Titanic: Rose’s Funniest Line Is A Real Life Historical Inaccuracy

Although Titanic is based on a real-life tragedy and various characters are based on real people, it has many historical inaccuracies, including one in one of Rose’s funniest and cleverest lines. Although James Cameron is now mostly associated with the sci-fi genre thanks to movies like The Terminator and the Avatar film series, one of his biggest and most important projects was far from that genre: Titanic, a disaster drama movie released in 1997 and which was the most expensive movie ever made at the time.
Based on the accounts of the sinking of the RMS Titanic in 1912, Titanic tells the fictional story of Rose DeWitt Bukater (Kate Winslet) and Jack Dawson (Leonardo DiCaprio), two passengers from opposite social classes who fall in love aboard the ship during its ill-fated maiden voyage. The story is told from the perspective of old Rose, who shares the struggles of her life back then along with those of falling in love with a man from a completely different world in a time where social status was everything. Throughout Titanic, Rose was shown defying the ideas of her family and those from “first-class” which were rooted in classism and ambition, and she clapped back at some of the biggest names aboard the ship a couple of times.

Titanic J Bruce Ismay

During a meal at the first-class dining room, Rose, her mother Ruth (Frances Fisher), and her fiancé Cal Hockley (Billy Zane) are joined by Molly Brown (Kathy Bates), Thomas Andrews (Victor Garber), and J. Bruce Ismay (Jonathan Hyde), and they are talking about how the ship was designed and made. Molly asks who thought about the name “Titanic”, with Ismay taking credit for it. He then explains that he wanted to convey “sheer size, and size means stability, luxury, and above all, strength”. Rose asks him if he knows Dr. Freud, and that his ideas about the male preoccupation with size might be “of particular interest to him”, prompting the laughs of Molly and Mr. Andrews, as well as the discomfort of Ruth. The scene is even better as Ismay doesn’t get what Rose is telling him, asking if Freud is a passenger of the Titanic – however, it’s yet another historical inaccuracy as Freud’s ideas on that particular subject hadn’t been published yet.
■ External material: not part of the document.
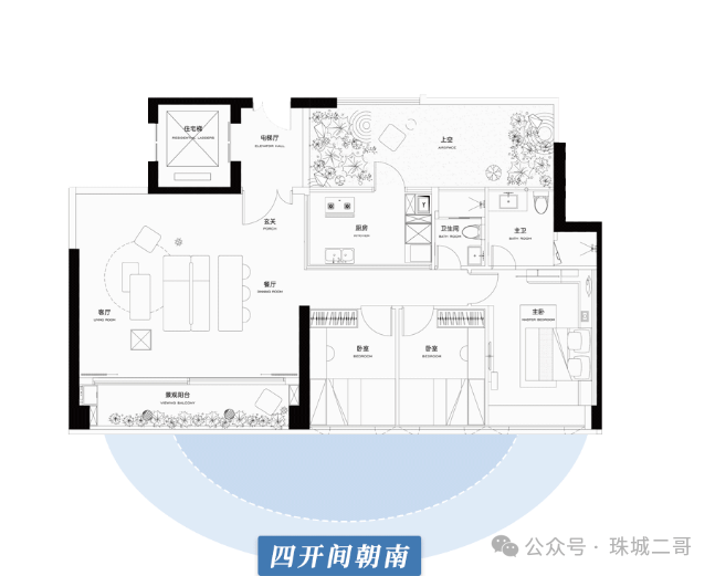 建面约135㎡舒居四房,在不超豪宅线的基础上,尺度却不输200平户型。

The titanic rose Sigmund freud
As pointed out by many viewers over the years, Rose’s reference to Sigmund Freud’s ideas about male size weren’t published until 1920, specifically in the essay Beyond the Pleasure Principle. Some have pointed out that Freud’s ideas were already “floating around” by the time the Titanic sailed, but that specific theory didn’t gain force until after 1920, so as clever and funny as it was to hear Rose telling Ismay that he was making up for something through the size of the Titanic, it isn’t historically accurate. However, the scene shows not only Rose’s strength and how much she wanted to break free of that egocentric environment she didn’t fit in but also showed a bit more of Ismay’s character. Ismay appears sporadically and briefly throughout Titanic and is mostly shown as a coward, but that scene about Freud also showed he was incredibly naive (and also a bit ignorant).
Although Rose’s reference to Sigmund Freud’s ideas about the male preoccupation with size isn’t historically accurate, it doesn’t really change her arc nor that of the rest of the characters involved in the scene, and it actually does more good than bad. Titanic is full of inaccuracies and mistakes, but some end up helping the story a little bit and in very subtle ways.